Nakaie C M, Rozov T, Manissadjian A
Unidade de Pneumologia Pediátrica, Instituto da Criança Prof. Pedro de Alcântara, Hospital das Clínicas, Faculdade de Medicina, Universidade de São Paulo.
Rev Hosp Clin Fac Med Sao Paulo. 1998 Mar-Apr;53(2):68-74.
Fifty nine asthmatic children and adolescents, clinically stable, aged 6 to 15 years, 37 boys and 22 girls, from Instituto da Criança do Hospital das Clínicas da FMUSP, were studied from September to November, 1994. The patients were classified by the clinical score of the International Consensus for Asthma Diagnosis and Management. They performed baseline spirometry and peak expiratory flow rates (PEFR), before and after bronchodilator, and measured PEFR three times a day (6 pm, at bedtime and on waking), for one day, at home. Five PEF measurements were made serially and the best readings were considered. Variability of PFE was calculated for 24 hours, as assessed by maximal amplitude. The results were summited to statistical analysis of the Laboratorio de Informática Médica da Faculdade de Medicina da USP. The results of PEFR and it's variability were compared to spirometry, (functional score, FEV1-forced expiratory volume in the first second) and to the clinical score of the International Consensus for Asthma Diagnosis and Management. In case of disagreement between the clinical parameters, the more severe one was chosen. The clinical score classified 20.3% of our patients as mild obstruction, 49.2% as moderate and 30.5% as severely compromised. According to FEV1, 58% of patients were classified as normal while the PEFR and its variability classified as normal 76% and 71%. The PEFR and it's variability in 24 hours, correlated with the VEF1, as gold standard, showed good specificity, 91% and 76% respectively and low sensibility, 44% and 32%. It was detected a low level of agreement between FEV1, PEFR and it's variability in 24 hours, in the clinical severity classification of asthma. The results of this study showed that FEV1 and PEFR had a low level of agreement in the clinical severity classification of asthma and when they were correlated to the clinical score of the International Consensus, they both presented low sensitivity.
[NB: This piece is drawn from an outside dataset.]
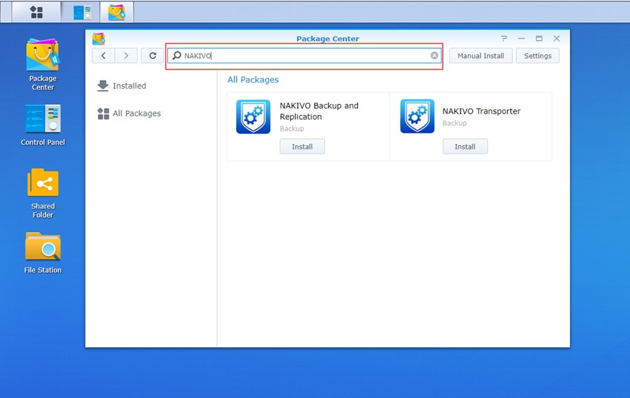 Para instalar automáticamente una aplicación NAKIVO Backup & Replication en un Synology NAS, haga lo siguiente:

1994年9月至11月,对来自圣保罗大学医学院临床医院儿童研究所的59名临床症状稳定的哮喘儿童和青少年进行了研究,年龄在6至15岁之间,其中37名男孩,22名女孩。根据哮喘诊断和管理国际共识的临床评分对患者进行分类。他们在使用支气管扩张剂前后进行了基线肺功能测定和呼气峰值流速(PEFR)测定,并在家中一天内每天三次(下午6点、就寝时和醒来时)测量PEFR。连续进行五次PEF测量,并考虑最佳读数。通过最大幅度评估计算24小时内PFE的变异性。结果提交给圣保罗大学医学院医学信息实验室进行统计分析。将PEFR及其变异性的结果与肺功能测定(功能评分,FEV1-第一秒用力呼气量)以及哮喘诊断和管理国际共识的临床评分进行比较。如果临床参数之间存在分歧,则选择更严重的一项。临床评分将20.3%的患者分类为轻度阻塞,49.2%为中度,30.5%为严重受损。根据FEV1,58%的患者被分类为正常,而PEFR及其变异性将76%和71%的患者分类为正常。以FEV1作为金标准,24小时内的PEFR及其变异性与之相关,分别显示出良好的特异性,即91%和76%,但敏感性较低,分别为44%和32%。在哮喘的临床严重程度分类中,发现FEV1、PEFR及其24小时内的变异性之间的一致性水平较低。本研究结果表明,在哮喘的临床严重程度分类中,FEV1和PEFR的一致性水平较低,并且当它们与国际共识的临床评分相关时,两者均表现出低敏感性。